Solvers using the DWave Quantum Annealing Computer
Introduction
Here you will find a prototype solver for the airline Crew Trip problem and other demonstration solvers. Before diving into the more complex solver for aviation, consider examples 2 and 3 below solving small toy problems and which gives a perspective on the Quantum Annealing approach to solving optimization problems.
You can load the code directly in your DWave Leap account here If running the code on your python unstallation, some of the examples require you to set the API token in the notebook or python code.

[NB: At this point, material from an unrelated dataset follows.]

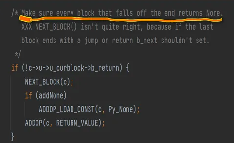答案就在解释器中,当 cpython 解释器执行到函数的最后一个代码块时,若发现没有返回值,它就会主动地加上一个 py_none 值返回:

Example 1 - ✈ Solving Airline Crew Trip problem ✈
The airline crew trip problem is a recurring crew planning process (usually each month or 28 day period) most scheduled airline must solve to create Fatigue Management Regulation and Policy compliant flight duty periods for pilots and flight attendants.
The prototype proposes a QUBO solver using a Binary Quadratic Model (BQM).
With the release of the new DWave Constrained Quadratic Model (CQM) solver in October 2021, there is an intent to write a new version as a CQM model. As other examples below demonstrate, implementing constraints using CQM has shown to be far easier than with BQM.
Usage example can be found here.
Example 2 - 🐺 🐐 🥗 Solving the Wolf-Goat-Cabbage riddle using CQM
This is a nice little problem for the Quantum Annealer to solve using CQM.
It demonstrates how one can solve a problem by expressing the valid possible moves without giving any hints as to how to actually solver the problem.
There are two version files: 1) Jupyter Notebook. Ensure that you setup your API token where indicated before executing. 2) Python file you can run under the GCW folder.
Read details here.
Example 3 - ♟ Solving the 8 Queens problem ♟
Here are two versions of a solver to the 8 Queens problem using DWave.
The first uses QUBO and I wrote this solution in 2020 during CDL Toronto Quantum Stream
The second, uses the newly released CQM solver and certainly made the implementation easier over the QUBO method.